Mickaël Salaün mic at digikod.net
Wed Jan 28 21:31:07 UTC 2026 

On Sun, Jan 25, 2026 at 08:58:50PM +0100, Günther Noack wrote:
> Hello!
> 
> This patch set "transposes" the layer masks matrix, which was
> previously modeled as a access-max-sized array of layer masks, and
> changes it to be a layer-max-sized array of access masks instead.
> (It is a pure refactoring, there are no user-visible changes.)
> 
> This unlocks a few code simplifications and in multiple places it
> removes the need for loops and branches that deal with individual
> bits.  Instead, the changed data structure now lends itself for more
> bitwise operations.  The underlying hypothesis for me was that by
> using more bitwise operations and fewer branches, we would get an
> overall speedup even when the data structure size increases slightly
> in some cases.
> 
> Tentative results with and without this patch set show that the
> hypothesis likely holds true.  The benchmark I used exercises a "worst
> case" scenario that attempts to be bottlenecked on the affected code:
> constructs a large number of nested directories, with one "path
> beneath" rule each and then tries to open the innermost directory many
> times.  The benchmark is intentionally unrealistic to amplify the
> amount of time used for the path walk logic and forces Landlock to
> walk the full path (eventually failing the open syscall).  (I'll send
> the benchmark program in a reply to this mail for full transparency.)
> 
> Measured with the benchmark program, the patch set results in a
> speedup of about -10%.  The benchmark results are only tentative and
> have been produced in Qemu:
> 
> With the patch, the benchmark runs in 6046 clocks (measured with
> times(3)):
> 
> *** Benchmark ***
> 10000 dirs, 100000 iterations, with landlock
> *** Benchmark concluded ***
> System: 6046 clocks
> User  : 1 clocks
> Clocks per second: 1000000
> 
> Without the patch, we get 6713 clocks, which is 11% more
> 
> *** Benchmark ***
> 10000 dirs, 100000 iterations, with landlock
> *** Benchmark concluded ***
> System: 6713 clocks
> User  : 0 clocks
> Clocks per second: 1000000
> 
> The base revision used for benchmarking was commit 7a51784da76d
> ("tools/sched_ext: update scx_show_state.py for scx_aborting change")
> 
> In real-life scenarios, the speed improvement from this patch set will
> be less pronounced than in the artificial benchmark, as people do not
> usually stack directories that deeply and attach so many rules to
> them, and the EACCES error should also be the exception rather than
> the norm.
> 
> I am looking forward to your feedback.
> 
> P.S.: I am open to suggestions on what the "layer masks" variables
> should be called, because the name "layer masks" might be less
> appropriate after this change.  I have not fixed up the name
> everywhere because fixing up the code took priority for now.

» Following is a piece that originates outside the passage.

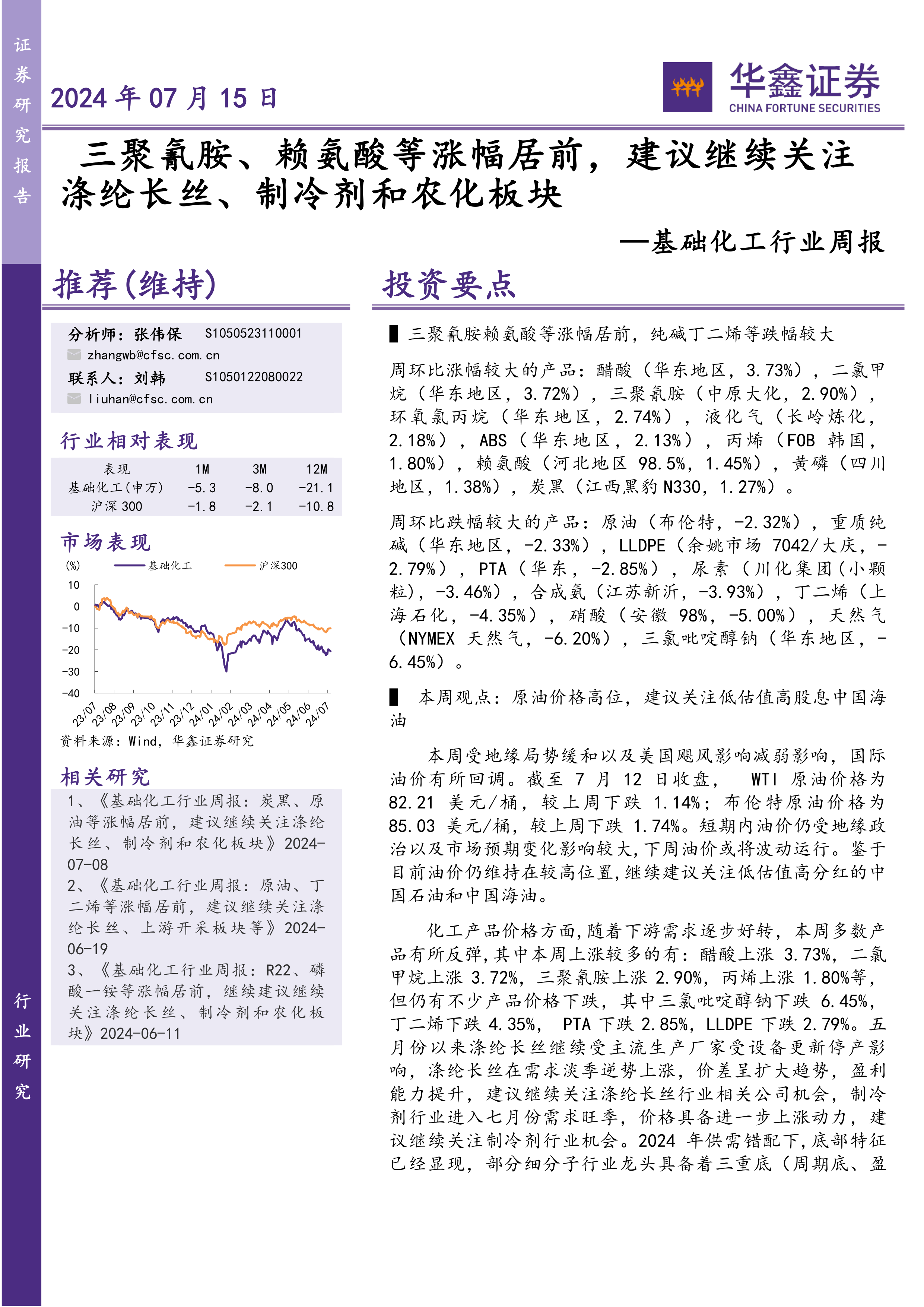基础化工行业周报:三聚氰胺、赖氨酸等涨幅居前,建议继续关注涤纶长丝、制冷剂和农化板块

Could you please clarify your thoughts and explain why this name might
not be appropriate anymore?  Any list of name proposals?

If we rename the variables, this should be done in the same refactoring
patch.

> 
> ---
> Changes since previous versions:
> 
> V2: (This patch set)
> 
> * Remove the refactoring around the deny_mask_t type,
>   it is better to send that as a separate patch (mic review)

Feel free to include the new dedicated patch in this series.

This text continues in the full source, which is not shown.